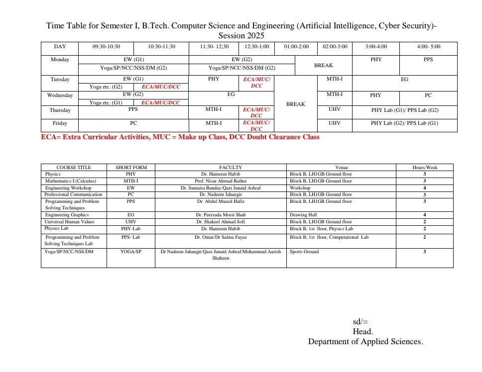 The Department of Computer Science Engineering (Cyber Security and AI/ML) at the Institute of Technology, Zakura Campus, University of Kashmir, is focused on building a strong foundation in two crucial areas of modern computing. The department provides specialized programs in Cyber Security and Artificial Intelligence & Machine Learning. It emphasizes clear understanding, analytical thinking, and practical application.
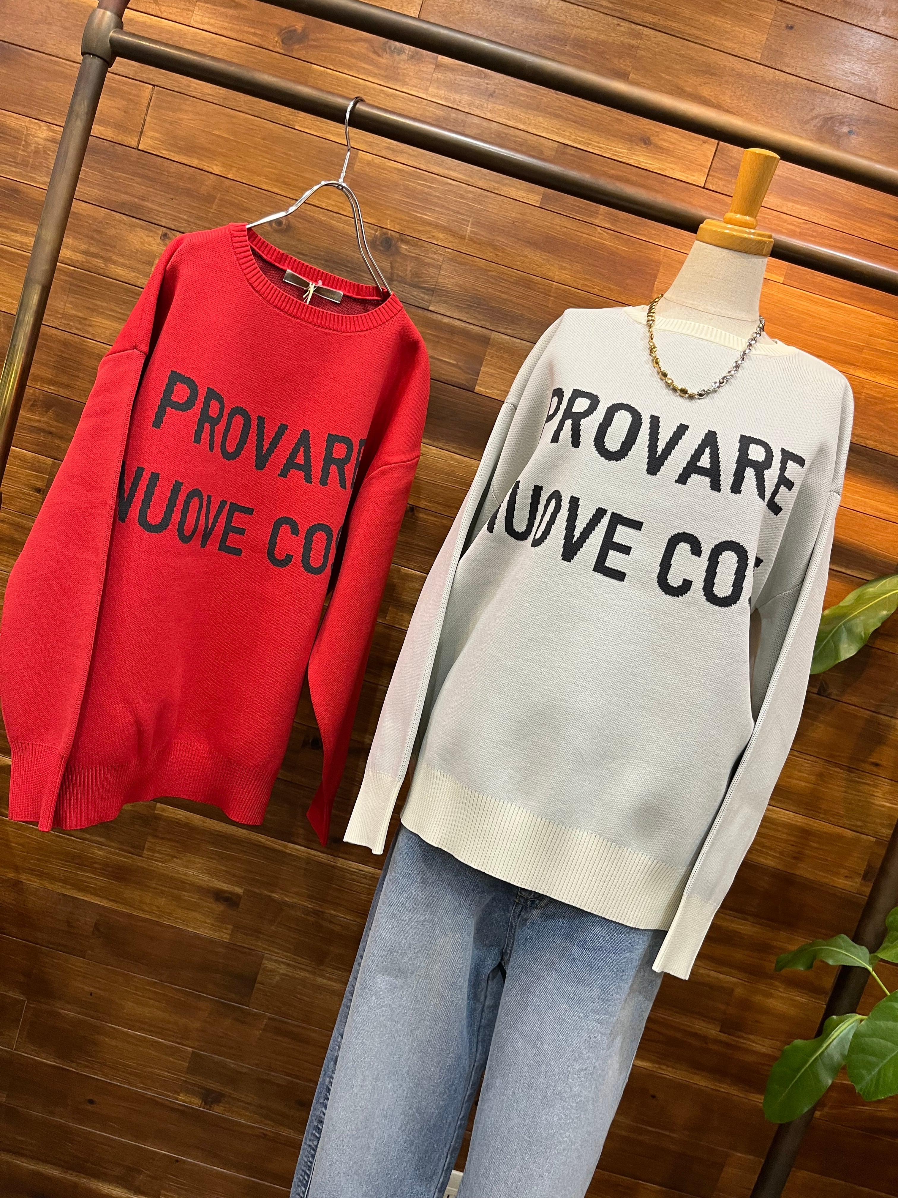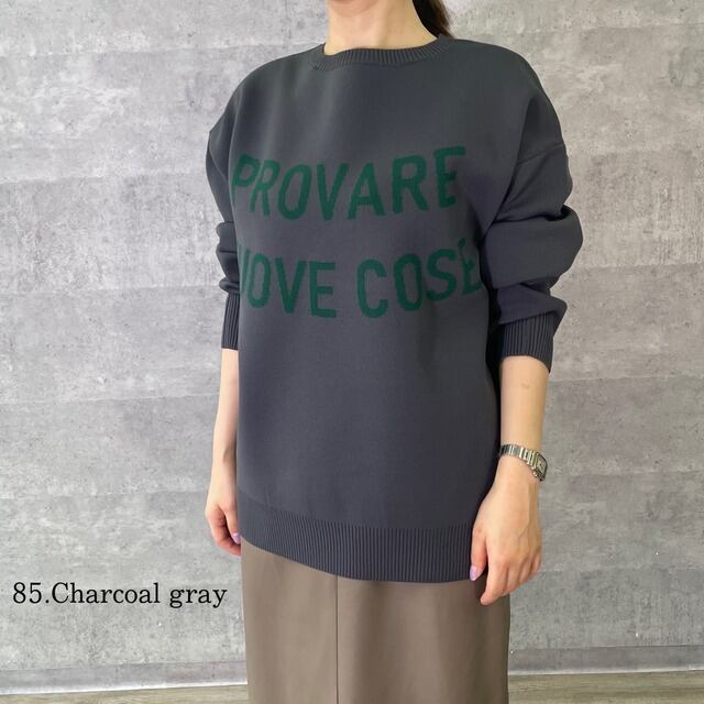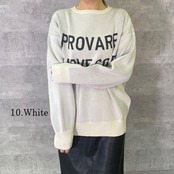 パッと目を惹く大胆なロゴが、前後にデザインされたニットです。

────────────────

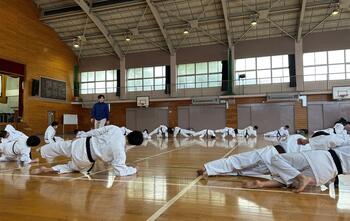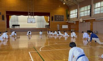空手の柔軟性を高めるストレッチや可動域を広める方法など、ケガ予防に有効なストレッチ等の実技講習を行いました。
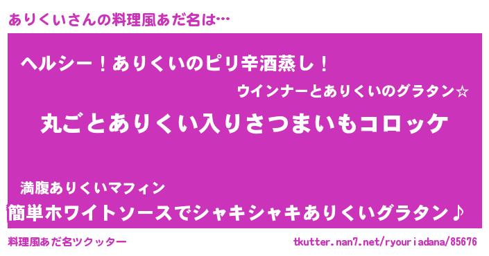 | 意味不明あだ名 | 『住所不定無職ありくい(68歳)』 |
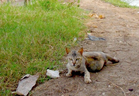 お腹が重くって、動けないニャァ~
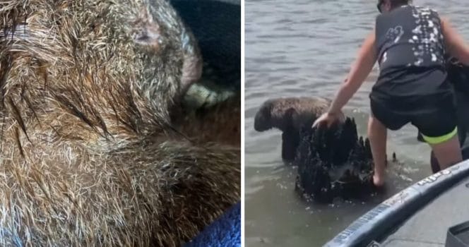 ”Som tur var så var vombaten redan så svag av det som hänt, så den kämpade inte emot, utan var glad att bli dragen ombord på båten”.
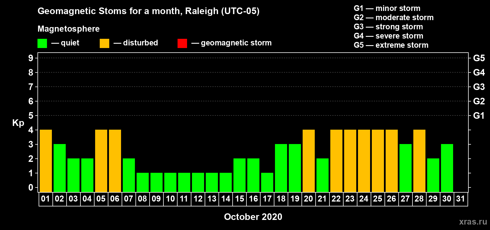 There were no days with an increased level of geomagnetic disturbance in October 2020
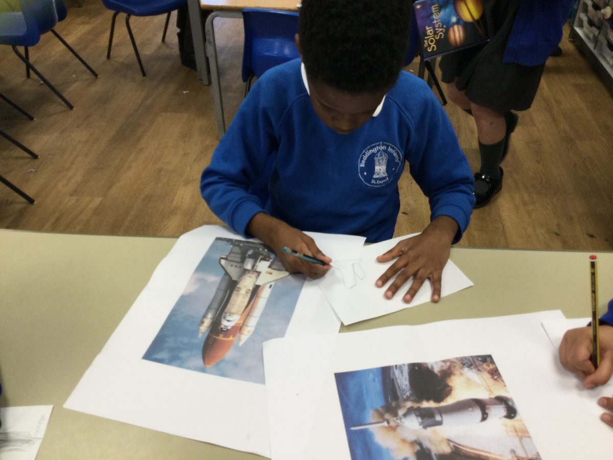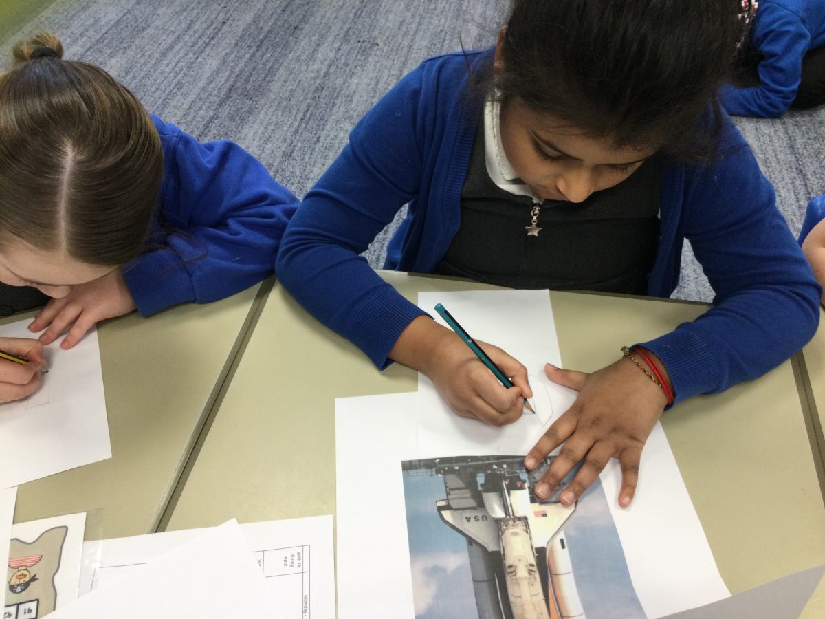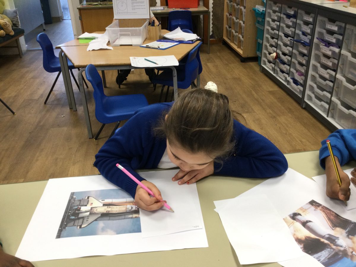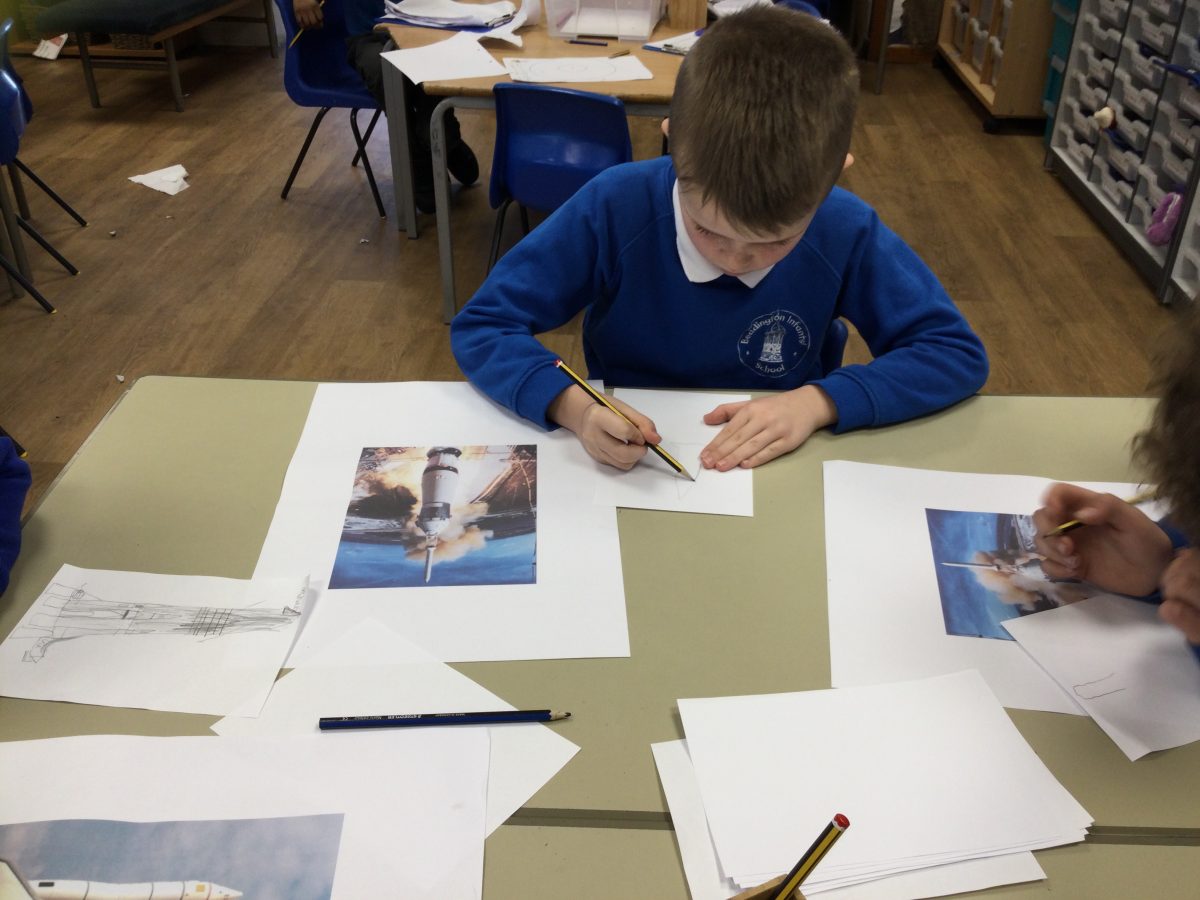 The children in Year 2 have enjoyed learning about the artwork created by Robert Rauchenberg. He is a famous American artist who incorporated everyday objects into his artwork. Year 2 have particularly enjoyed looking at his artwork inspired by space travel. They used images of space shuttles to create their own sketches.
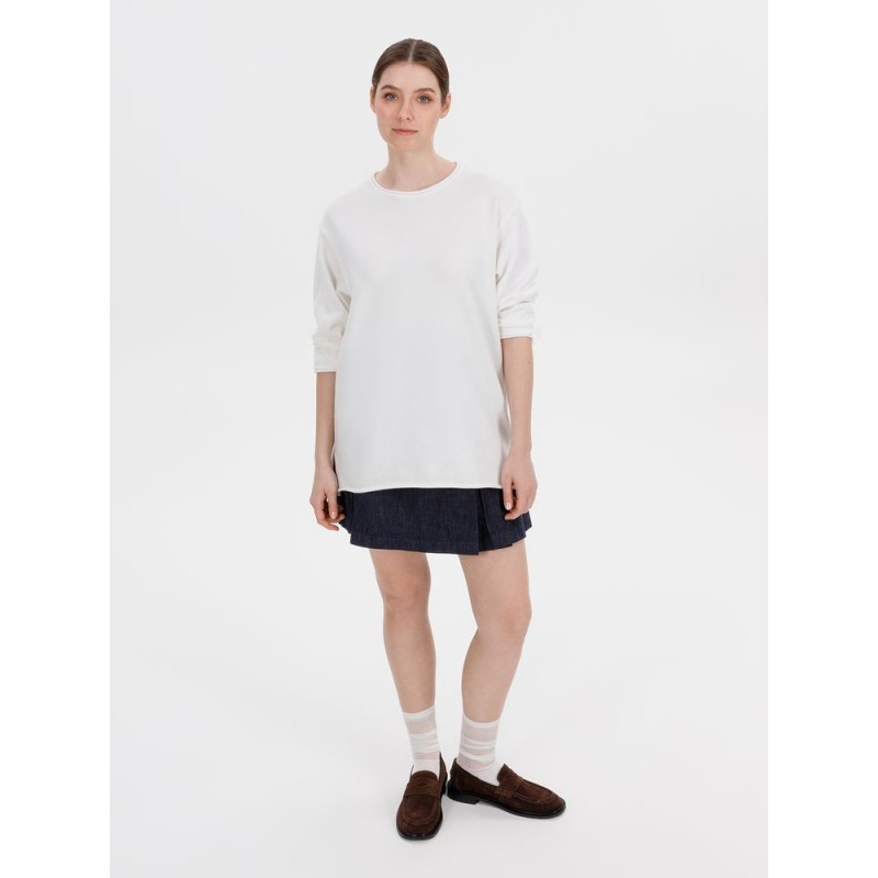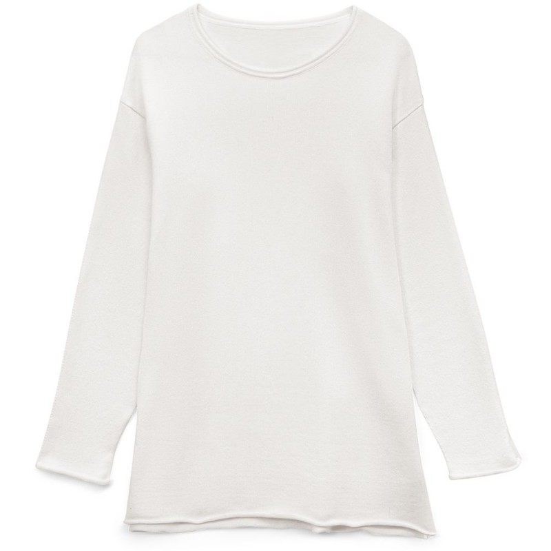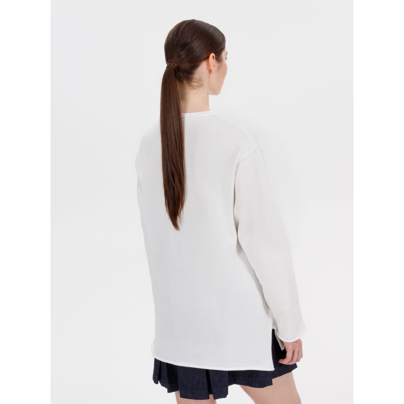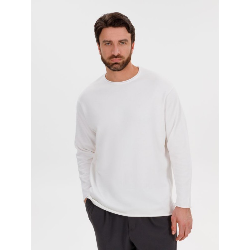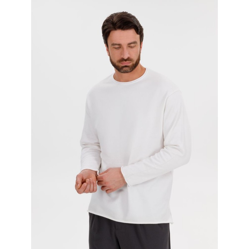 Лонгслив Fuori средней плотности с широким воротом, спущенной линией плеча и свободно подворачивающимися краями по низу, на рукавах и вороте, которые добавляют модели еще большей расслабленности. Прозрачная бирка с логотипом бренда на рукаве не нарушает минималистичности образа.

────────────────

In the entries above, find the line containing "så var vombaten" and the line containing "Лонгслив Fuori средней", then copy both and every line between them exactly, without any picture.

 ”Som tur var så var vombaten redan så svag av det som hänt, så den kämpade inte emot, utan var glad att bli dragen ombord på båten”.
 There were no days with an increased level of geomagnetic disturbance in October 2020
 The children in Year 2 have enjoyed learning about the artwork created by Robert Rauchenberg. He is a famous American artist who incorporated everyday objects into his artwork. Year 2 have particularly enjoyed looking at his artwork inspired by space travel. They used images of space shuttles to create their own sketches.
 Лонгслив Fuori средней плотности с широким воротом, спущенной линией плеча и свободно подворачивающимися краями по низу, на рукавах и вороте, которые добавляют модели еще большей расслабленности. Прозрачная бирка с логотипом бренда на рукаве не нарушает минималистичности образа.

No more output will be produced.